## Your task
Only the lines from the start of the entries through the line with "Mailchimp pricing comparison" should be returned, each exactly as it stands, and no pictures.

-------- Record extracts

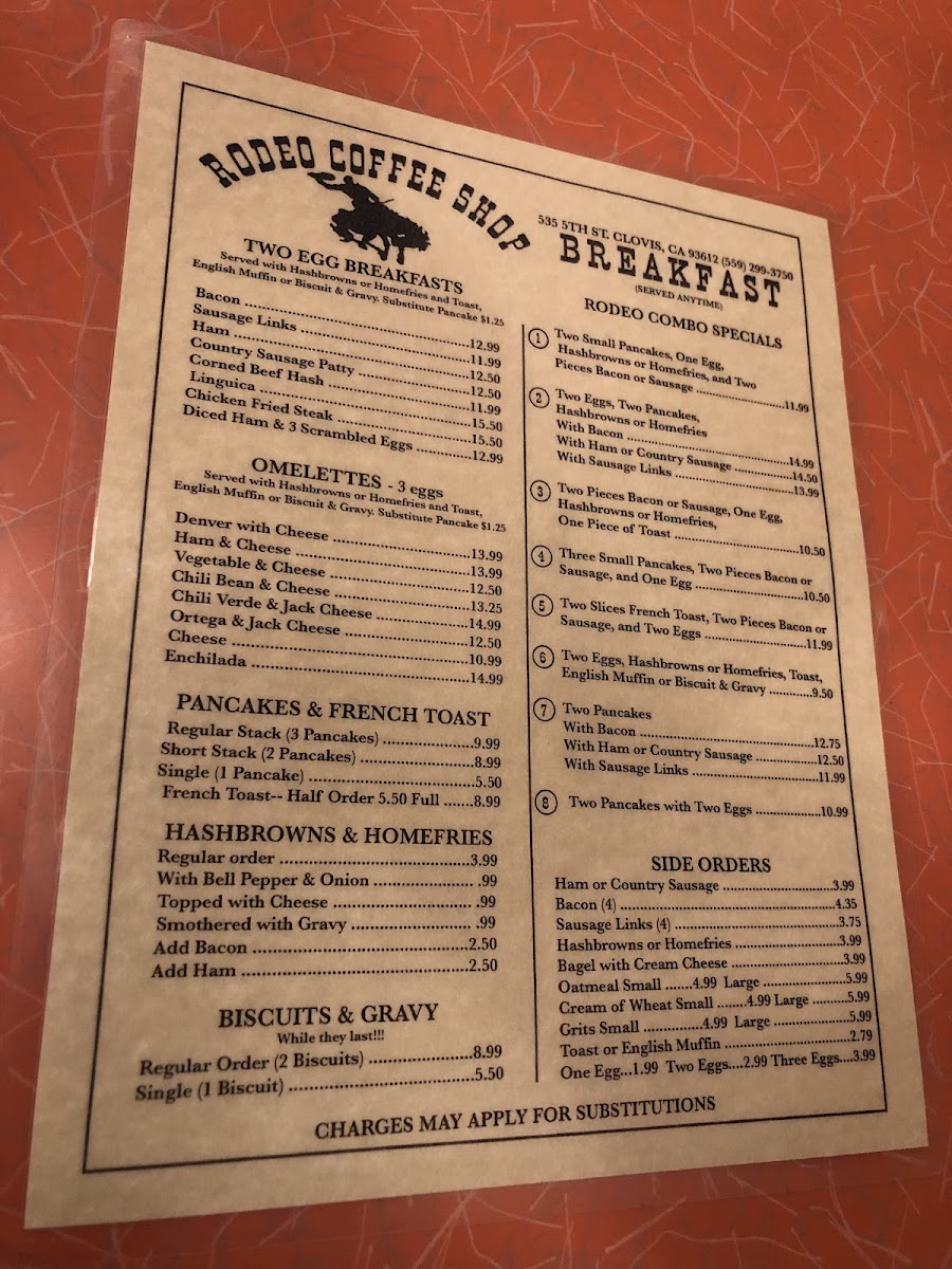 Rodeo Coffee Shop offers a straightforward, comforting menu typical of a longtime neighborhood breakfast spot. The focus is on hearty classics and familiar flavors, with plenty of options to satisfy morning cravings or midday appetites. Whether you’re starting your day with a rich coffee or settling in for a filling plate, the menu reflects a relaxed, unpretentious atmosphere where comfort is key.
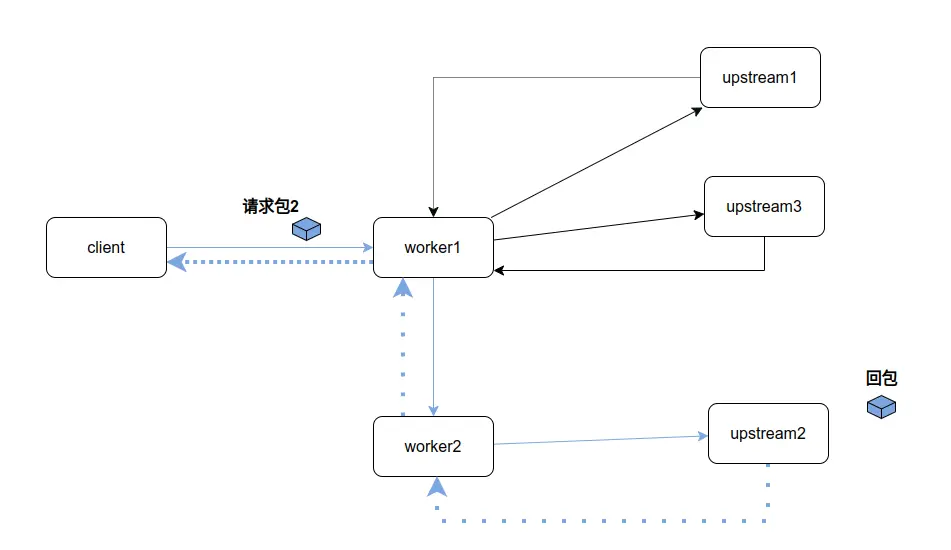 上圖所顯示的worker1 接收到消息,轉發到worker2,以及回包worker2轉發到worker1,就採用了NJet內置的event框架,但10ms級別的處理性能,遠不能滿足消息服務器的處理性能指標要求,甚至由於加入了跨進程通信,出現了多worker處理能力遠小於單worker處理能力的荒謬情況
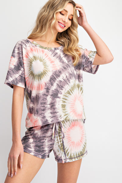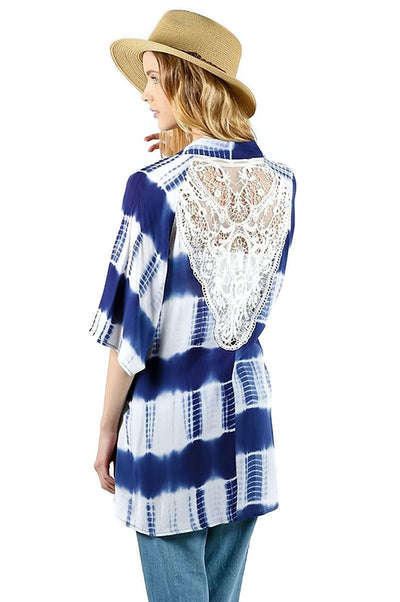 Tie Dye Kimono with Lace Crochet Back, Blue
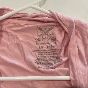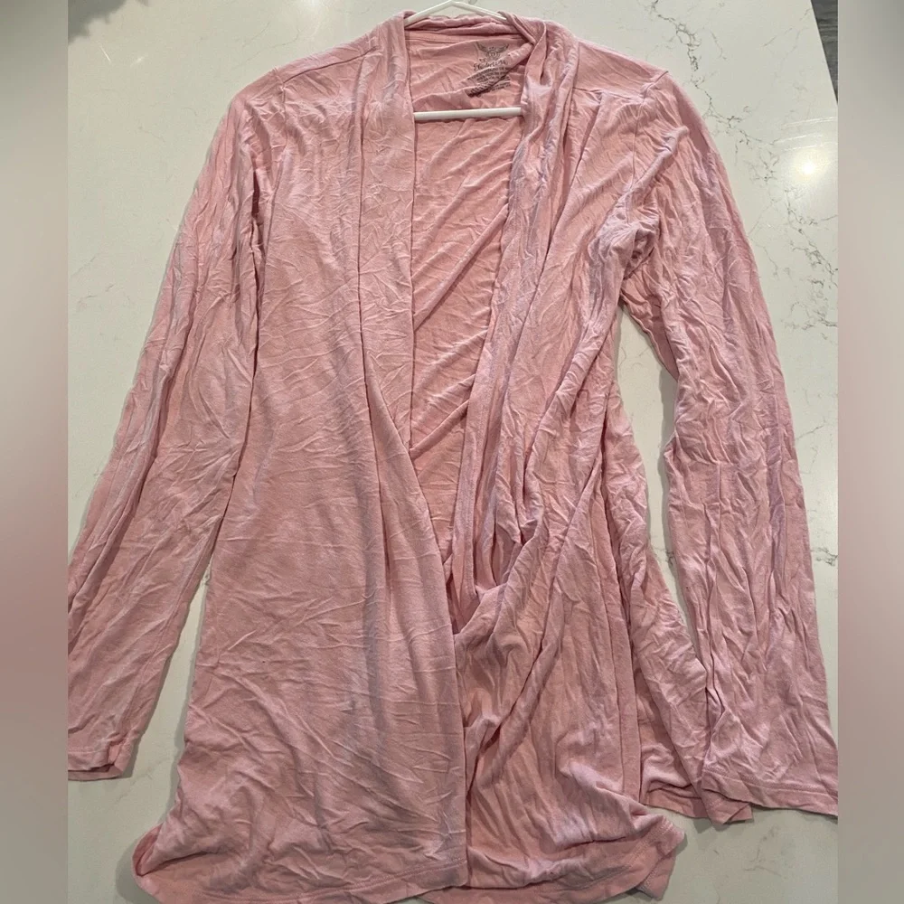Size large 12-14 light pink very light weight and stretchy long cardigan.
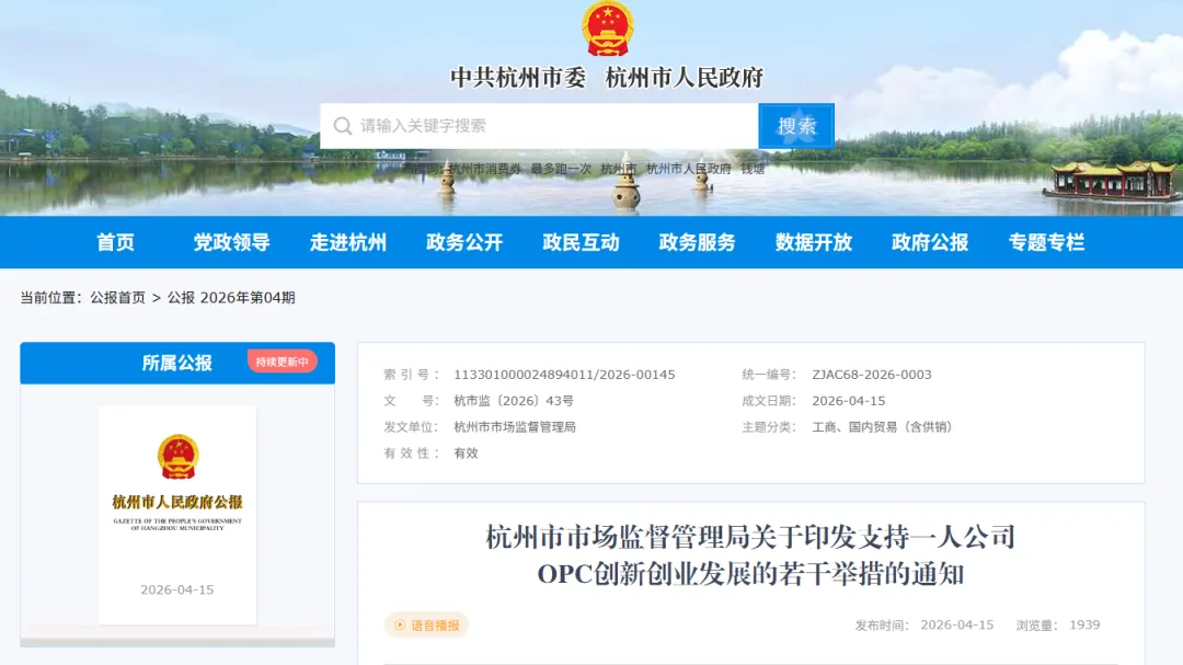 近日,浙江省杭州市发布《支持一人公司OPC创新创业发展的若干举措》,《若干举措》在以专章形式明确优化信用赋能,助力OPC成长。
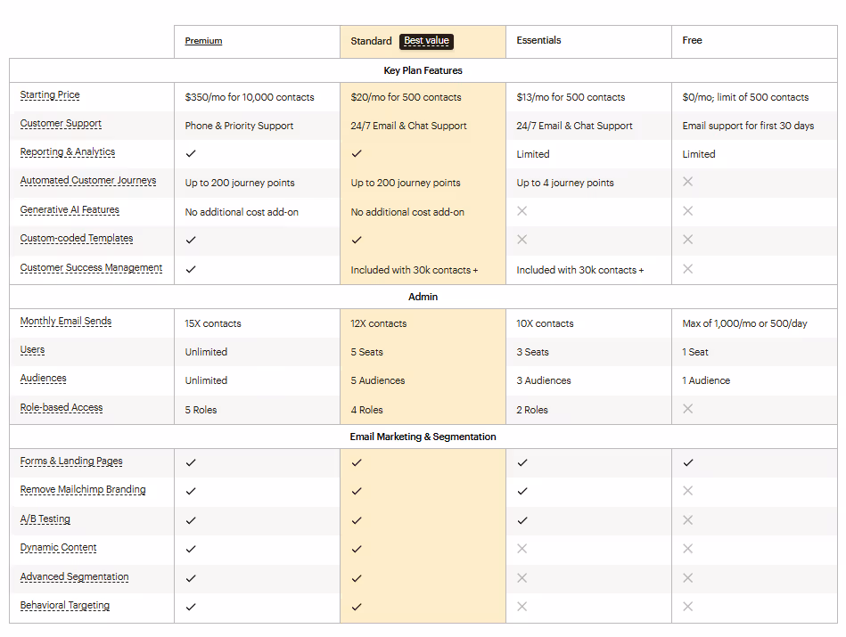 Mailchimp pricing comparison chart showing Premium, Standard, Essentials, and Free plans by feature access, support level, email volume, users, audiences, and marketing tools.
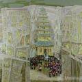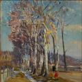 风景(油画) 69×49厘米 1957年 马克西莫夫 油画作为传统西洋艺术的代表,在明代即随传教士入华。19世纪末20世纪初,中国青年满怀着艺术救国的梦想毅然走出国门,学习洋画。五四运动后的二三十年间,虽然各地成立了多所艺术专科学校,但油画教学在那个动荡年代里却难以形成完整的体系。直到新中国成立后的1955年,以苏联专家马克西莫夫在中央美术学院主持开办为期两年多的油画训练班为标志,自觉的油画教学体系建设工

----------------

## Solution to this task
 Rodeo Coffee Shop offers a straightforward, comforting menu typical of a longtime neighborhood breakfast spot. The focus is on hearty classics and familiar flavors, with plenty of options to satisfy morning cravings or midday appetites. Whether you’re starting your day with a rich coffee or settling in for a filling plate, the menu reflects a relaxed, unpretentious atmosphere where comfort is key.
 上圖所顯示的worker1 接收到消息,轉發到worker2,以及回包worker2轉發到worker1,就採用了NJet內置的event框架,但10ms級別的處理性能,遠不能滿足消息服務器的處理性能指標要求,甚至由於加入了跨進程通信,出現了多worker處理能力遠小於單worker處理能力的荒謬情況
 Tie Dye Kimono with Lace Crochet Back, Blue
Size large 12-14 light pink very light weight and stretchy long cardigan.
 近日,浙江省杭州市发布《支持一人公司OPC创新创业发展的若干举措》,《若干举措》在以专章形式明确优化信用赋能,助力OPC成长。
 Mailchimp pricing comparison chart showing Premium, Standard, Essentials, and Free plans by feature access, support level, email volume, users, audiences, and marketing tools.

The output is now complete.